La ipotesi che circola sempre più spesso nei retroscena sul centrosinistra prevede che il sindaco emerga al fotofinish come terzo incomodo nella competizione che ormai sembra già scontata tra Elly Schlein e Giuseppe Conte per la candidatura a premier del «campo largo».
L’alleanza di «tutti contro Giorgia», che pure è l’ipotesi più probabile quando si andrà alle elezioni, sarà infatti una vera e propria Armata Brancaleone dal punto di vista politico. Pd e M5S o sono tra di loro incompatibili sul piano programmatico, oppure sono entrambi incompatibili con la collocazione internazionale dell’Italia in Europa e nella Nato. Del resto, non lo diciamo noi: lo dice ogni volta che può lo stesso Conte, che un’alleanza organica non è praticabile.
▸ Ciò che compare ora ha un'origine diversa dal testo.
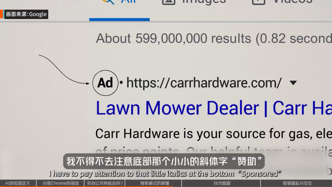 这就是搜索引擎的转折点。它曾经非常成功,但现在却被困在这种商业模式中。于是你不再只是在搜索结果右边显示三四个横幅广告,而是把它们放到了搜索结果的最上方。然后渐渐地,你让这些广告看起来越来越像真实的搜索结果。
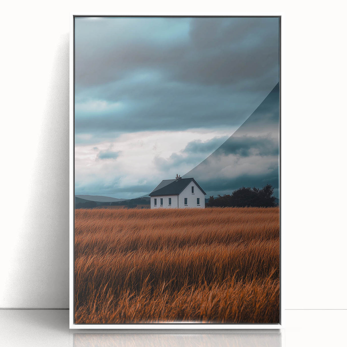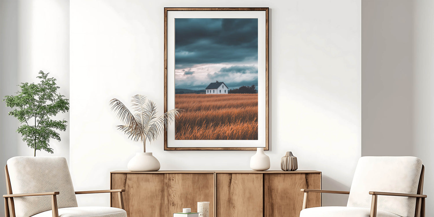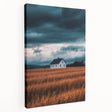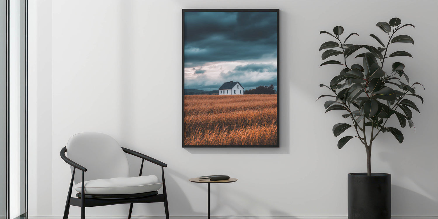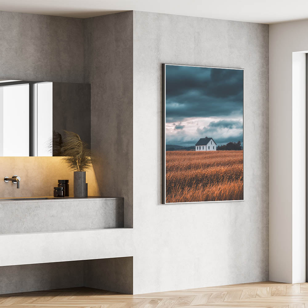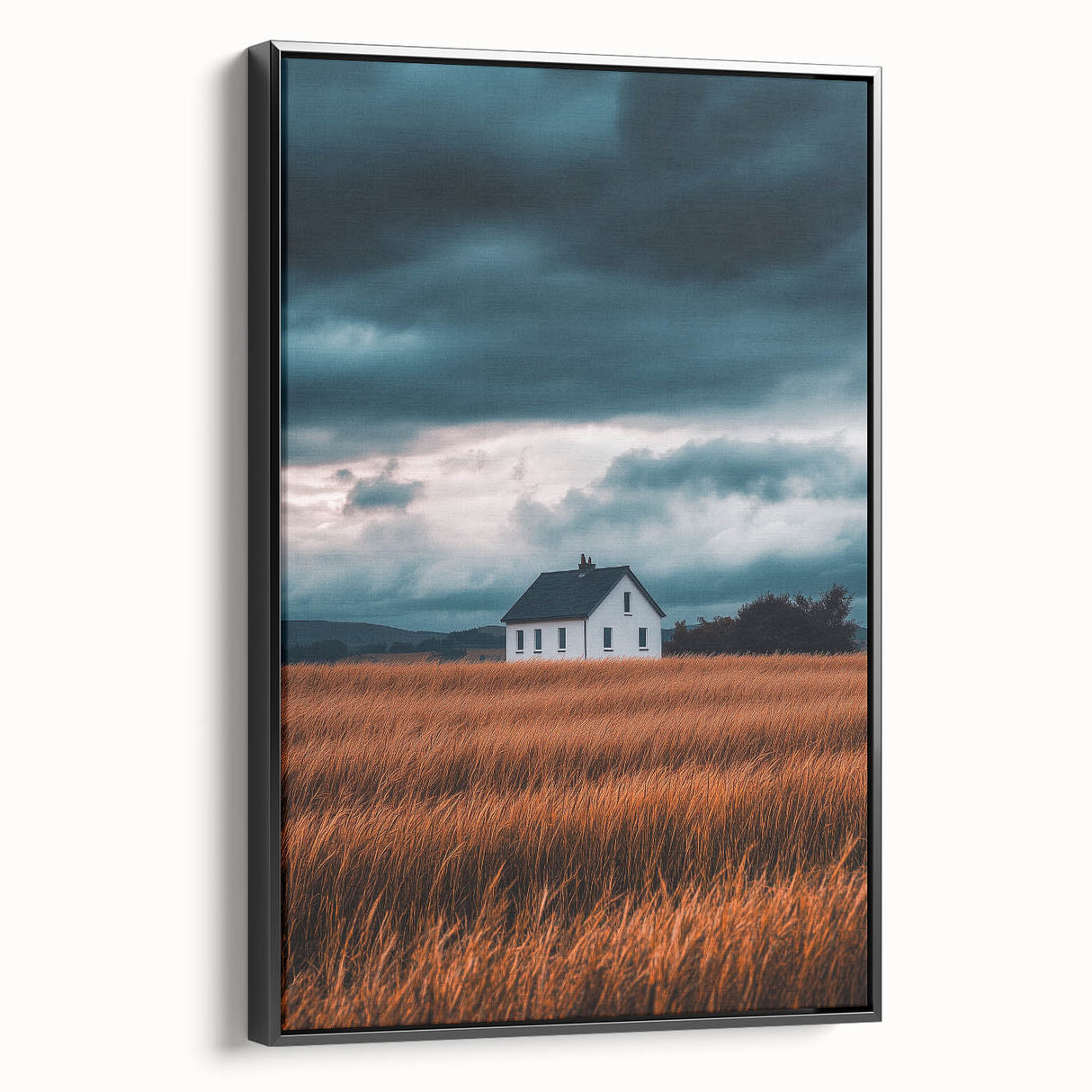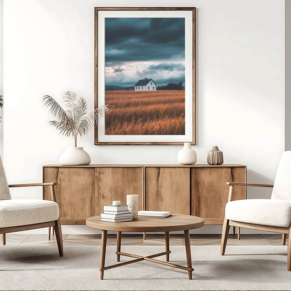 Immerse yourself in the powerful beauty of nature with this landscape art print, capturing a solitary white house amidst golden fields beneath a dramatic stormy sky. The contrast between deep blue storm clouds and warm brown fields creates a stunning balance of tranquility and intensity, making this a perfect nature-inspired wall art piece for modern and rustic interiors.

Ma il prossimo parlamento eleggerà il nuovo Presidente, e i partiti dell’opposizione sono uniti e determinati almeno in questo: impedire che, per la prima volta nella storia della Repubblica, il centrodestra possa eleggersi da solo un suo Capo dello Stato. Anche se dunque dovessero fallire nel formare un governo stabile in caso di vittoria, anche se quel governo durasse comunque lo spazio di un mattino, come è già successo ai due esecutivi guidato da Prodi in passato, varrebbe comunque la pena di aver conquistato la maggioranza in parlamento anche al solo fine di vincere la votazione cruciale della legislatura, conservando così il Quirinale.
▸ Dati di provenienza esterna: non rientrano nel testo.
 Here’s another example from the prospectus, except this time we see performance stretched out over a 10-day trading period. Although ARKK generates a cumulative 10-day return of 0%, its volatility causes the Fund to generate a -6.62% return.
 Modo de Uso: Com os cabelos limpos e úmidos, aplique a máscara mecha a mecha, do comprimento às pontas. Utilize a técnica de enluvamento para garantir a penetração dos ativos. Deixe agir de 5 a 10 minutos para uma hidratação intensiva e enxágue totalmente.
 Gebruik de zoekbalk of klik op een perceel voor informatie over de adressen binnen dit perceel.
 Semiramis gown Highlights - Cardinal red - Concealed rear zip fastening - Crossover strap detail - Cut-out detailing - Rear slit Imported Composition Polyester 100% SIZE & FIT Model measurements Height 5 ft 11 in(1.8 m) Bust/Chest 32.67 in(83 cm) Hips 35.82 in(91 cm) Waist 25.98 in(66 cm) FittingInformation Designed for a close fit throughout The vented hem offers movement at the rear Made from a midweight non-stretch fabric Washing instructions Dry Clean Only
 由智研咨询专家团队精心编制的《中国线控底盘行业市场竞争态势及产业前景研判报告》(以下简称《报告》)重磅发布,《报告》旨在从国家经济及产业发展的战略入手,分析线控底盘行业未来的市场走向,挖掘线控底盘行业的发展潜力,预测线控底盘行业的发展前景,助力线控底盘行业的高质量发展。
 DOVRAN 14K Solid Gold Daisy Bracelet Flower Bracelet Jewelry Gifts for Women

Perciò, storto o morto, il campo largo si farà. E qui scatta il problema premiership. La legge elettorale attuale non obbliga la coalizione a indicare il nome del candidato premier. Ma nel centrodestra vale la regola che lo esprime chi dei tre partiti avrà avuto più voti. Questa saggia norma non scritta, e in realtà alquanto democratica, non vale invece dall’altra parte. Dove il partito minore, cioè i Cinquestelle, rifiuta un’alleanza organica proprio per non dovervi sottostare; e difficilmente potrebbe del resto accettare le primarie di coalizione, visto che nega si tratti di una coalizione. Così Conte può continuare ad aspirare a un ritorno a Palazzo Chigi, per lui un’ossessione dal giorno che ne è stato sloggiato. Ma soprattutto, realistica o meno che sia la sua speranza, può continuare a farlo credere ai suoi elettori, che altrimenti difficilmente darebbero il loro voto per portare a Palazzo Chigi la leader del Pd, partito da sempre odiato e comunque considerato alternativo.
Conte può dunque bloccare la candidatura Schlein (e lo farà, sta in questo il suo potere negoziale); ma non può imporre la sua candidatura.
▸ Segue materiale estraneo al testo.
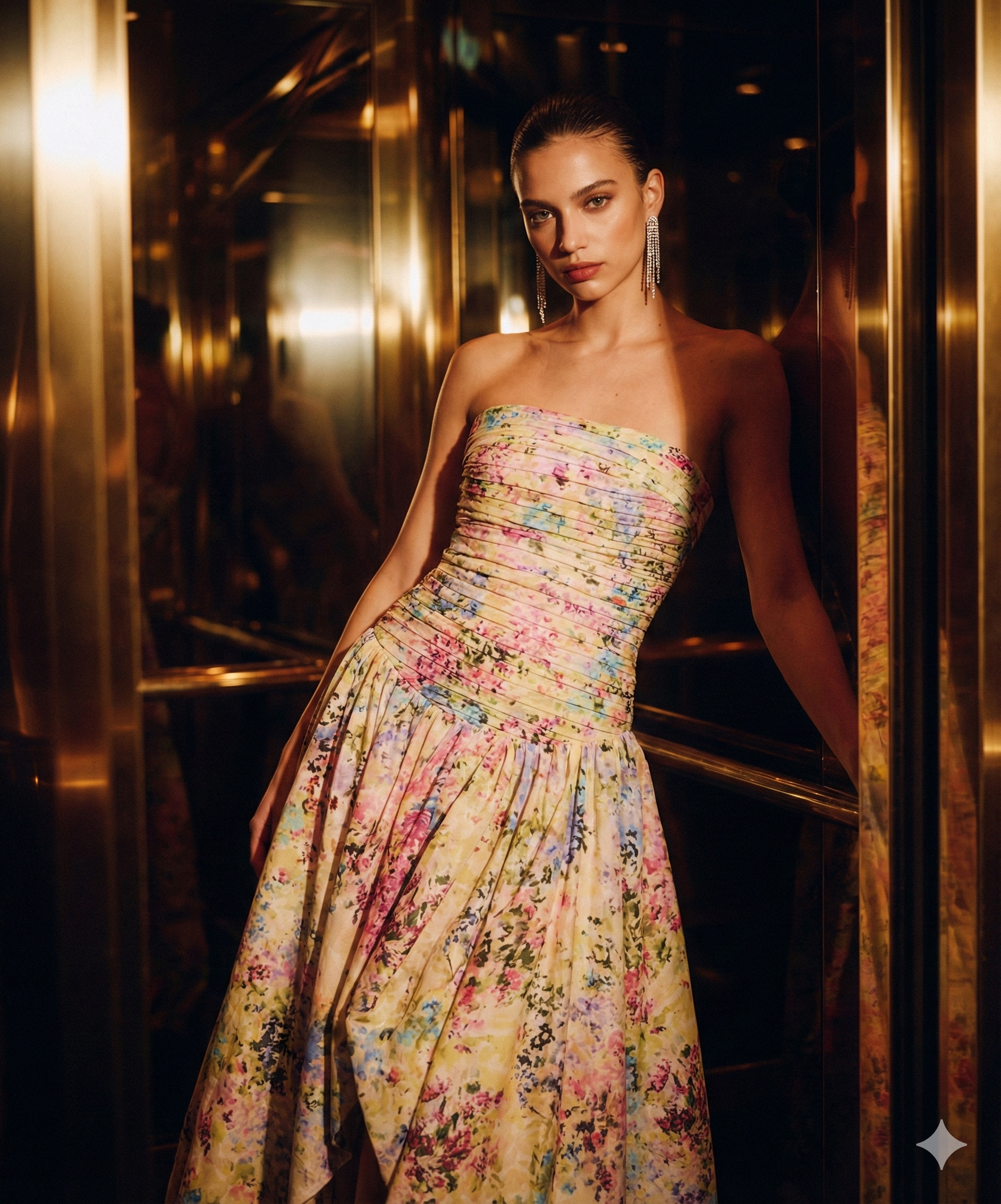 تألقي بأناقة مع فستاننا الماكسي ذي الحافة المنتفخة والمطبوع بالزهور، المصمم ليجعلكِ نجمة أي مناسبة. يتميز هذا الفستان بياقة بدون حمالات وفتحة أمامية عالية جذابة، ليجمع بين السحر الكلاسيكي والرقي العصري.
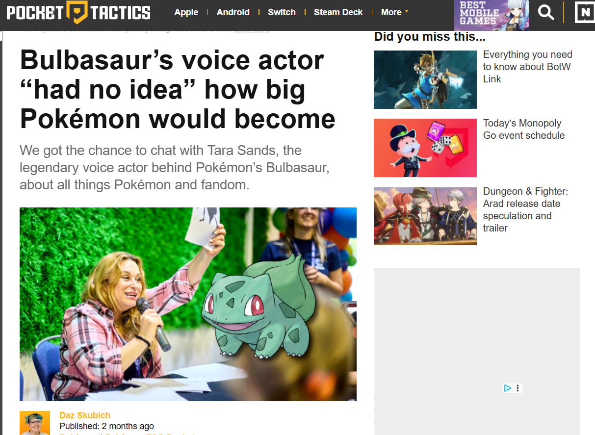 Tara Sands was the talent who attended London Card Show in November 2024. She is the official voice of iconic Pokemon character Bulbasaur. She was interviewed by popular Gaming, Entertainment and Tech news platform POCKET TACTICS.
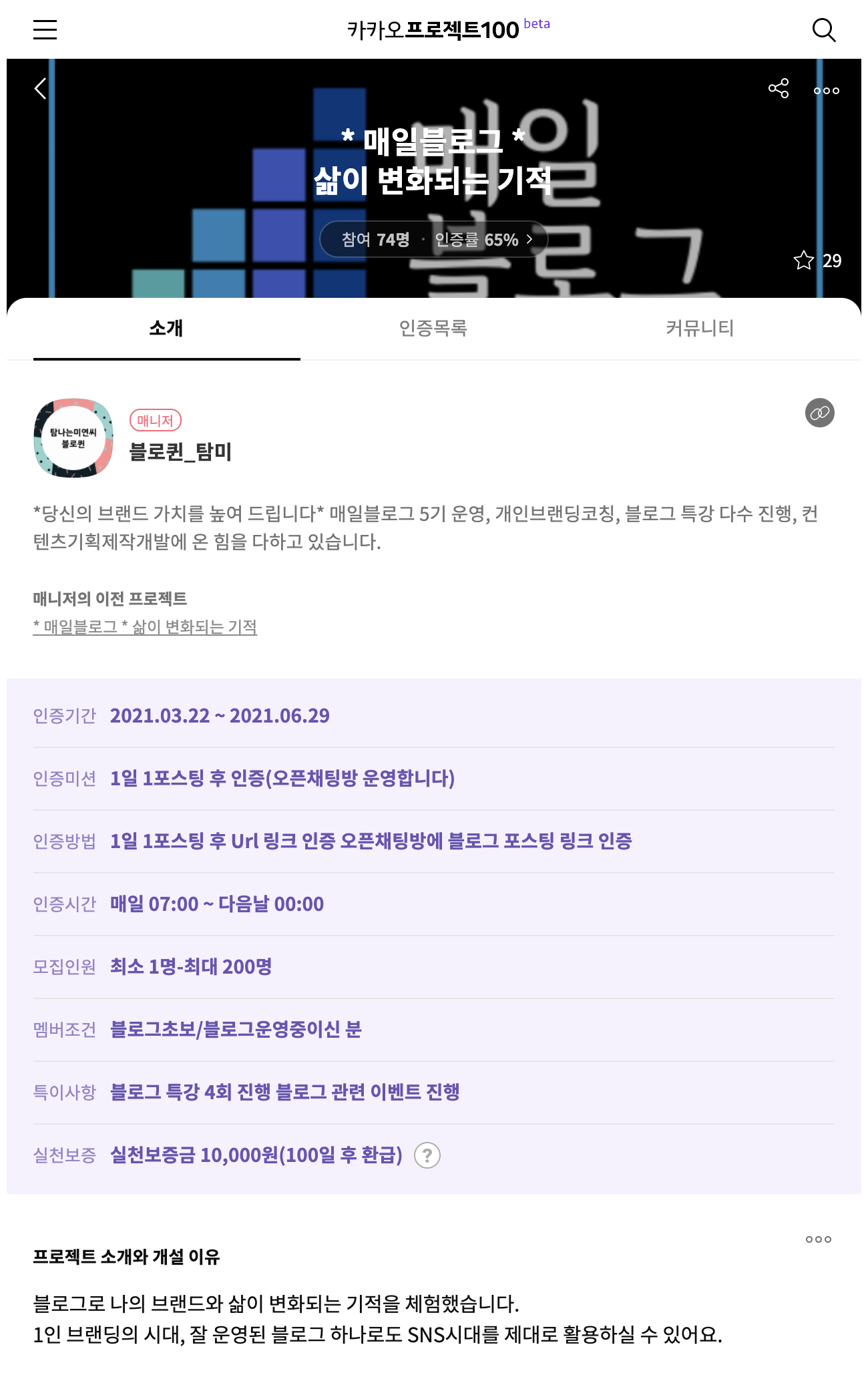 사실 블로그 포스팅하는 프로젝트가 몇 개 있었는데 이 프로젝트에 참여자가 많아서 참여하게 되었습니다. 매니저 분도 뭔가 전문가의 느낌이 납니다. 몰랐는데 특강도 진행을 한다고 하니 기대됩니다. 오픈 채팅방에도 들어가 보니 프로젝트 100 참여자가 아닌 다른 사람들도 많이 참여하고 있었고 오픈 채팅방에서도 활발히 인증을 올리고 상호작용하는 모습이 보였습니다. 참가한 지 하루밖에 안되었는데 끝나고도 꾸준히 참여해 보고 싶다는 생각이 들었습니다.

Ancor di più il problema si porrebbe se, come è molto probabile, Meloni cambierà la legge elettorale prima del voto, per eliminare i collegi uninominali e ridurre così le chance di vittoria del centrosinistra. Reintroducendo il proporzionale con premio di maggioranza, sarà infatti necessario formare le coalizioni prima del voto e indicare sulla scheda il nome del candidato premier.
Ecco quindi che, al solito, il centrosinistra avrà bisogno di un terzo uomo (o terza donna) da mandare davanti all’elettorato al posto di uno dei due contraenti del patto elettorale. Meglio se costui, o costei, possa anche apparire una espressione del centro riformista, e sia in ogni caso un moderato, qualità che ormai sfugge a entrambi i partiti, Pd e M5S, e a entrambi i leader. Ed ecco dove spunta Manfredi.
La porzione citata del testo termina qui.